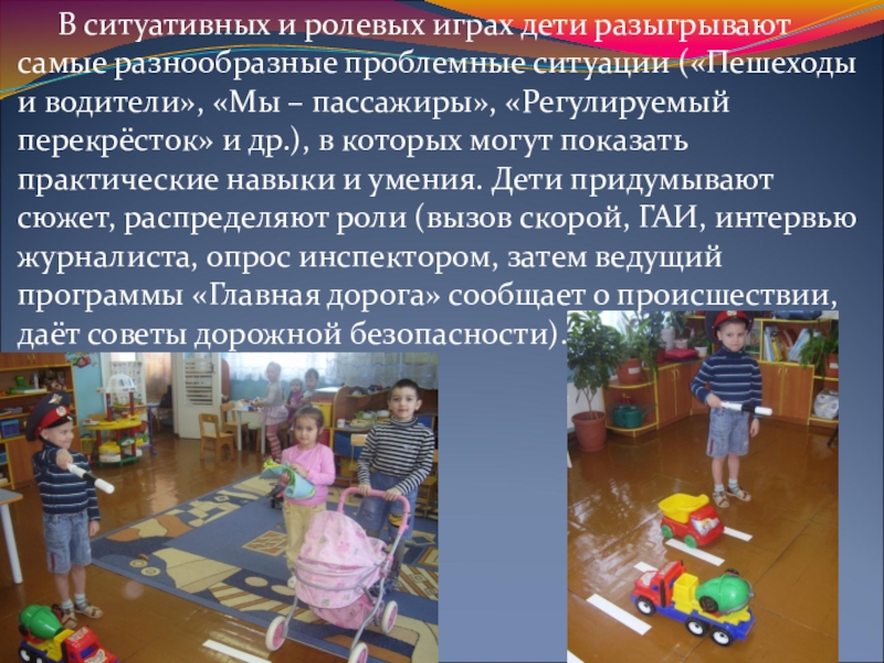 разнообразные проблемные ситуации («Пешеходы и водители», «Мы – пассажиры», «Регулируемый перекрёсток» и др.), в которых могут показать практические навыки и умения. Дети придумывают сюжет, распределяют роли (вызов скорой, ГАИ, интервью журналиста, опрос инспектором, затем ведущий программы «Главная дорога» сообщает о происшествии, даёт советы дорожной безопасности).
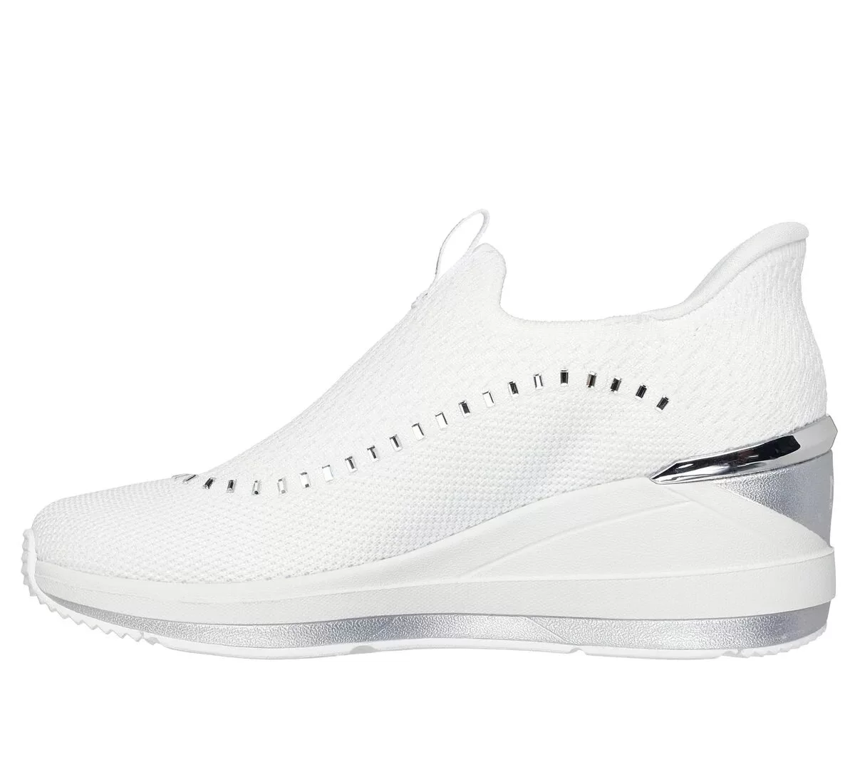 Sal con un estilo llamativo con Skechers Hands Free Slip-ins® Mark Nason®: The Triple Wedge – Clariti. Diseñadas con nuestra exclusiva Heel Pillow™, estas zapatillas de cuña alta de moda presentan una parte superior de punto con diamantes de imitación de corte esmeralda, un clip de talón de alto brillo, amortiguación de plantilla Memory Foam Lux y una entresuela con ribete brillante.
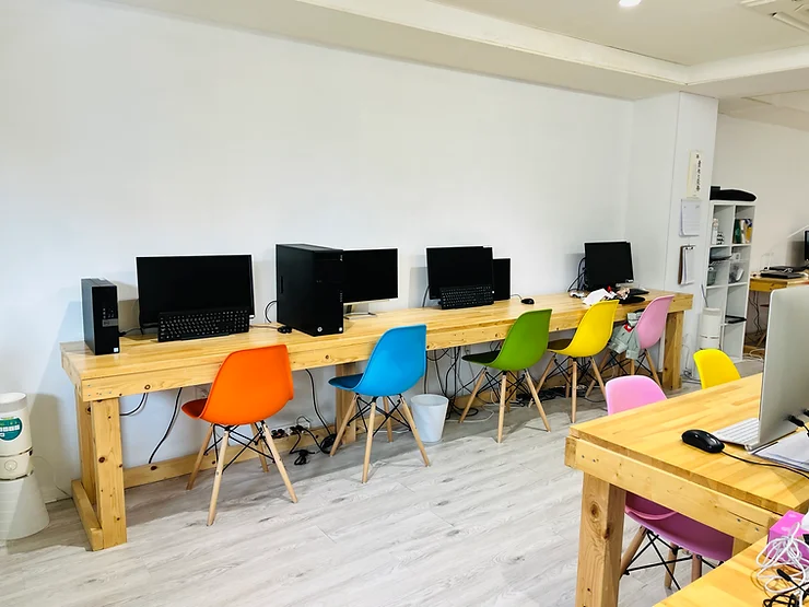 iPadが置いてあるので、自分の名前をタッチすると出勤完了です。ネームプレートとスリッパを身につけて、好きな場所に座ってください。座席は決まっているわけではないのですが、パソコンに保存してあるデータがあったりするので、皆さんやはりなんとなく場所が決まってきます。USBなどに保存しておけば、移動しやすいと思います。PC作業の人は、そこで1日4時間パソコンと向きあって、作業をします。
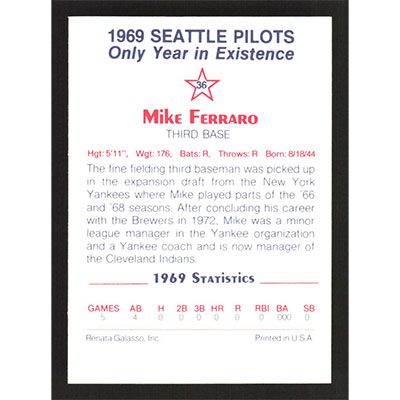 This is a 1983 Galasso '69 Pilots Mike Ferraro baseball card. The card is #36 and pictures show condition.
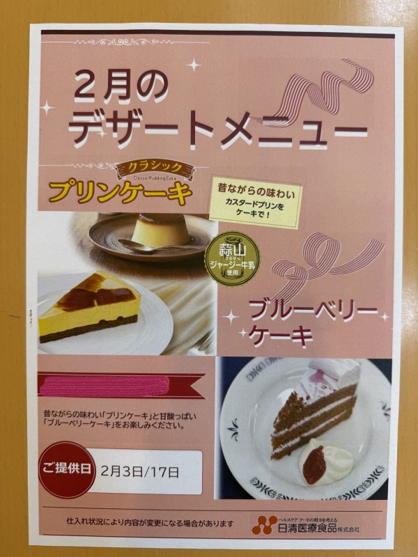 今月のイベント食は大好評のケーキです!!
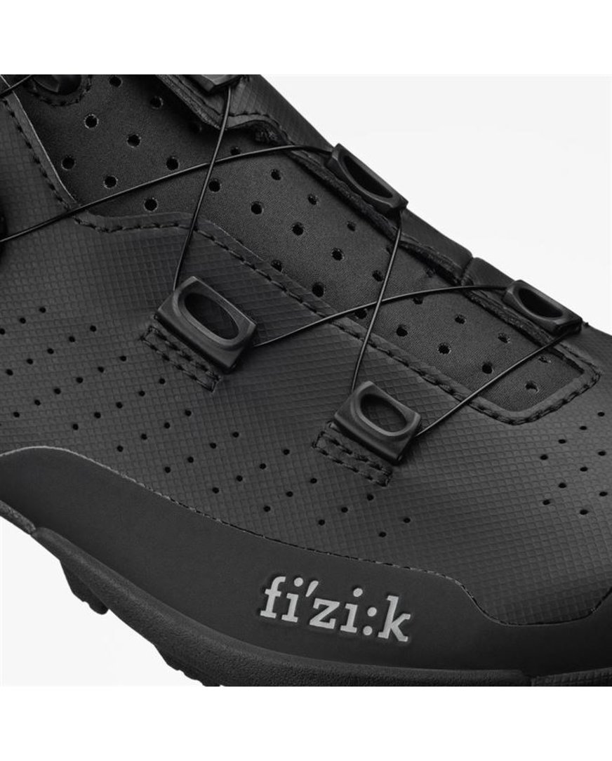 Podplat z indeksom togosti 5 je razširjen na območju pete za večjo stabilnost na neurejenih površinah. Poleg tega je po vsej dolžini gumiran, da vam daje samozavest, kadar koli morate sestopiti s kolesa in prenesti kakšen del kolesa. Torej ni več skrbi zaradi mokrih kamnov in korenin! Sodoben perforiran zgornji del iz trpežnega materiala je opremljen z enim kolescem BOA za popolno snemanje copata.

Task instructions
The expected answer is the lines from the one that has "This is a 1983" to the end of the listing, transcribed exactly, with pictures left out and no other line added.

Output for this task
 This is a 1983 Galasso '69 Pilots Mike Ferraro baseball card. The card is #36 and pictures show condition.
 今月のイベント食は大好評のケーキです!!
 Podplat z indeksom togosti 5 je razširjen na območju pete za večjo stabilnost na neurejenih površinah. Poleg tega je po vsej dolžini gumiran, da vam daje samozavest, kadar koli morate sestopiti s kolesa in prenesti kakšen del kolesa. Torej ni več skrbi zaradi mokrih kamnov in korenin! Sodoben perforiran zgornji del iz trpežnega materiala je opremljen z enim kolescem BOA za popolno snemanje copata.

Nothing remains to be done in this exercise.